GOP senator from Nebraska: Party is enabling white supremacy

LINCOLN, Neb. (AP) — A Republican state lawmaker from Nebraska is blasting his party for “enabling white supremacy in our country” and calling on the state’s all-GOP congressional delegation to speak out against President Donald Trump’s inflammatory comments about minorities.

Sen. John McCollister, a moderate Republican from Omaha, made the comments on Twitter late Sunday in response to weekend mass shootings in Ohio and Texas that left more than 30 dead. Officials have said the suspect in the El Paso, Texas shooting posted an online diatribe against immigrants before that shooting.

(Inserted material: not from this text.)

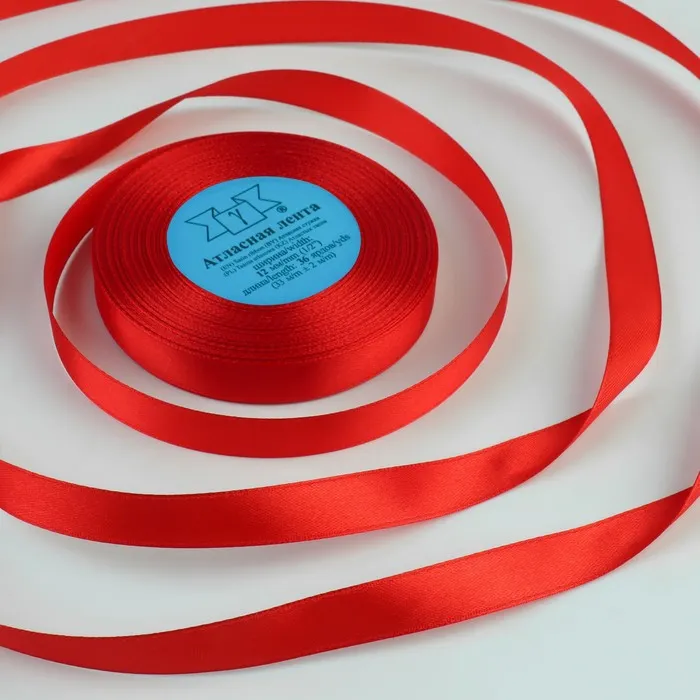 Лента атласная, 12 мм × 33 ± 2 м, цвет красный №026 — Характеристики
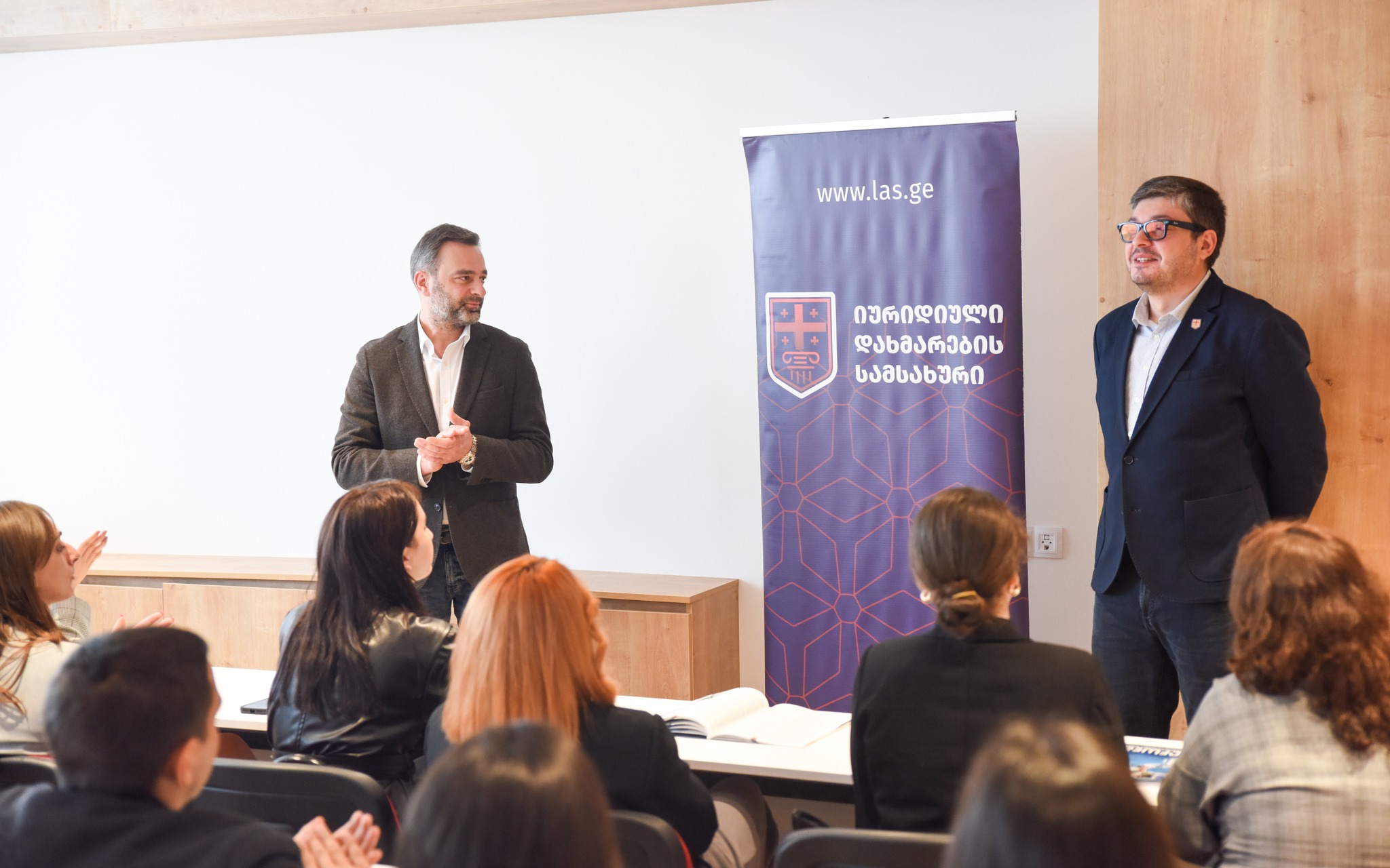 დავით სიმონიამ ახალგაზრდებს გააცნო საქართველოში მოქმედი უფასო სამართლებრივი დაცვის სისტემა და იურიდიული დახმარების სამსახურის სერვისები, ესაუბრა ადვოკატის პროფესიის თავისებურებებზე.

In an interview Monday, McCollister said the shooting was a “tipping point” for him to call out his party, although he doesn’t plan to change his affiliation.

“I hope big-name Republicans will be more willing to take a strong stand against some of the lack of moral activity by some of our Republican office holders,” McCollister said.

In a string of Twitter postings, McCollister singled out President Donald Trump, “who continually stokes racist fears in his base.”

“The Republican Party is enabling white supremacy in our country,” he wrote. “As a lifelong Republican, it pains me to say this, but it’s the truth.”

McCollister pointed to Trump’s vulgar description of African countries during an immigration discussion with lawmakers and his public statement that four liberal, minority congresswomen should “go back” to their countries of origin. All four of the House Democrats are American citizens and three were born in the United States.

Most of Nebraska’s congressional delegation remained silent after Trump’s remarks or offered subdued criticism. U.S. Rep. Don Bacon of Omaha’s 2nd Congressional District called the statements “unacceptable” but stopped short of labeling them racist.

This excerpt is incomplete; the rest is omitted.